## PROVIDED MATERIAL
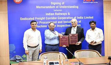 Indian Railways has signed a Memorandum of Understanding (MoU) with the Dedicated Freight Corridor Corporation of India Limited (DFCCIL) for the installation of Machine Vision Based Inspection System (MVIS) for monitoring the health of rolling stock.
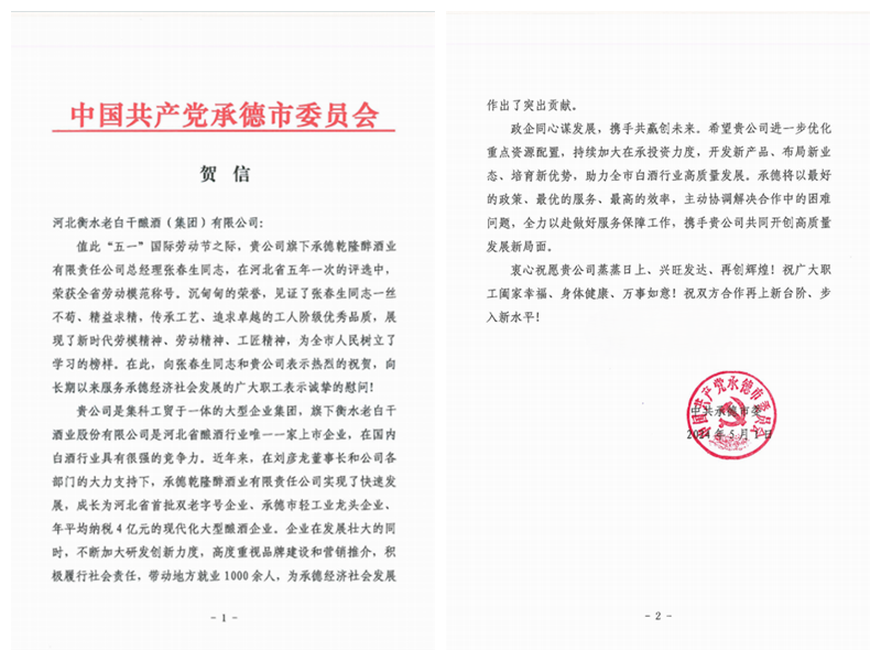 河北衡水老白干釀酒集團收到一封來自承德市委的賀信,賀信主要內(nèi)容是對河北衡水老白干釀酒集團子公司承德乾隆醉酒業(yè)(板城酒業(yè))黨委書記、總經(jīng)理張春生榮獲“全省勞動模范”稱號表示祝賀。祝賀信中講到:“張春生同志一絲不茍、精益求精,傳承工藝、追求卓越的工人階級優(yōu)秀品質(zhì),展現(xiàn)了新時代勞模精神、勞動精神、工匠精神,為全市人民樹立了榜樣,近年來,企業(yè)在發(fā)展壯大的同時,不斷加大研發(fā)創(chuàng)新力度,高度重視品牌建設(shè)和營銷推介,積極履行社會責(zé)任,帶動地方就業(yè)1000余人,為承德經(jīng)濟社會發(fā)展作出了突出貢獻。”張春生作為制造業(yè)(工業(yè)領(lǐng)域)的翹楚,先后獲省“三三三人才工程”人選、河北省企業(yè)家協(xié)會先進工作者、河北省食品行業(yè)年度人物、中國商業(yè)聯(lián)合會科學(xué)技術(shù)獎、全國商業(yè)科技進步獎-特等獎、2020年與2022年度分別榮獲河北省優(yōu)秀民營企業(yè)家等多項榮譽。
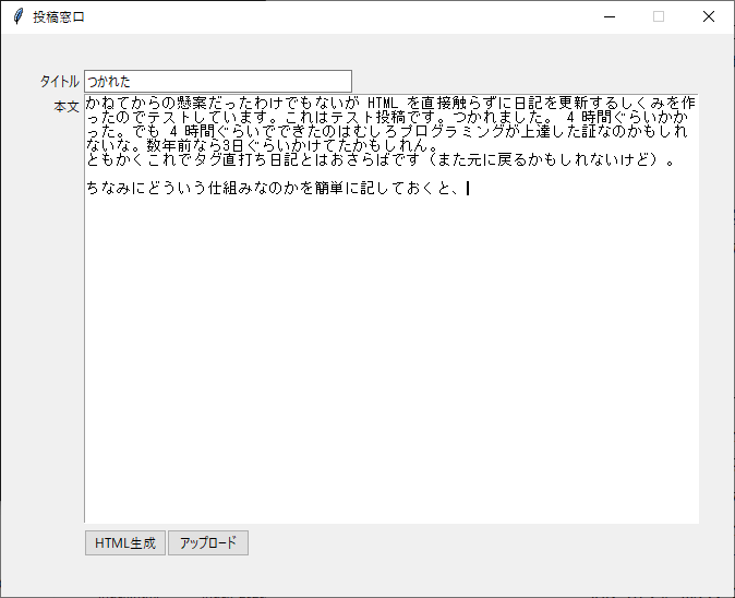 かねてからの懸案だったわけでもないが HTML を直接触らずに日記を更新するしくみを作ったのでテストしています。これはテスト投稿です。つかれました。 4 時間ぐらいかかった。でも 4 時間ぐらいでできたのはむしろプログラミングが上達した証なのかもしれないな。数年前なら 3 日ぐらいかけてたかもしれん。
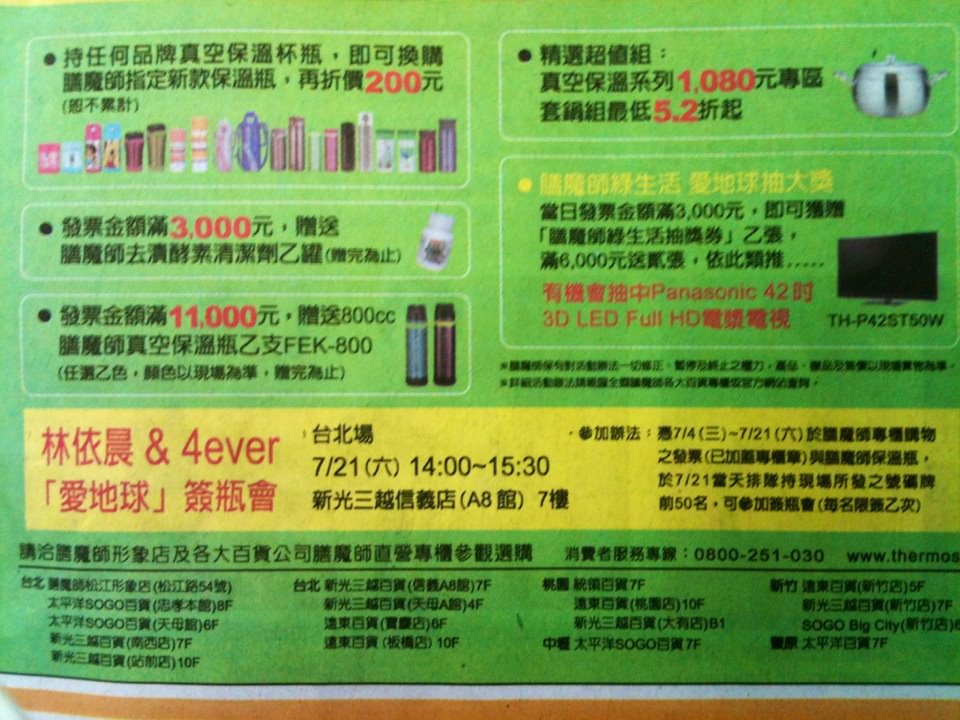 林依晨&4ever愛地球簽瓶會報紙廣告

## INSTRUCTIONS TO FOLLOW
Please return, exactly and with pictures omitted, the lines from the line holding "河北衡水老白干釀酒集團收到一" through the end of the data above, inclusive.

## TASK OUTPUT
 河北衡水老白干釀酒集團收到一封來自承德市委的賀信,賀信主要內(nèi)容是對河北衡水老白干釀酒集團子公司承德乾隆醉酒業(yè)(板城酒業(yè))黨委書記、總經(jīng)理張春生榮獲“全省勞動模范”稱號表示祝賀。祝賀信中講到:“張春生同志一絲不茍、精益求精,傳承工藝、追求卓越的工人階級優(yōu)秀品質(zhì),展現(xiàn)了新時代勞模精神、勞動精神、工匠精神,為全市人民樹立了榜樣,近年來,企業(yè)在發(fā)展壯大的同時,不斷加大研發(fā)創(chuàng)新力度,高度重視品牌建設(shè)和營銷推介,積極履行社會責(zé)任,帶動地方就業(yè)1000余人,為承德經(jīng)濟社會發(fā)展作出了突出貢獻。”張春生作為制造業(yè)(工業(yè)領(lǐng)域)的翹楚,先后獲省“三三三人才工程”人選、河北省企業(yè)家協(xié)會先進工作者、河北省食品行業(yè)年度人物、中國商業(yè)聯(lián)合會科學(xué)技術(shù)獎、全國商業(yè)科技進步獎-特等獎、2020年與2022年度分別榮獲河北省優(yōu)秀民營企業(yè)家等多項榮譽。
 かねてからの懸案だったわけでもないが HTML を直接触らずに日記を更新するしくみを作ったのでテストしています。これはテスト投稿です。つかれました。 4 時間ぐらいかかった。でも 4 時間ぐらいでできたのはむしろプログラミングが上達した証なのかもしれないな。数年前なら 3 日ぐらいかけてたかもしれん。
 林依晨&4ever愛地球簽瓶會報紙廣告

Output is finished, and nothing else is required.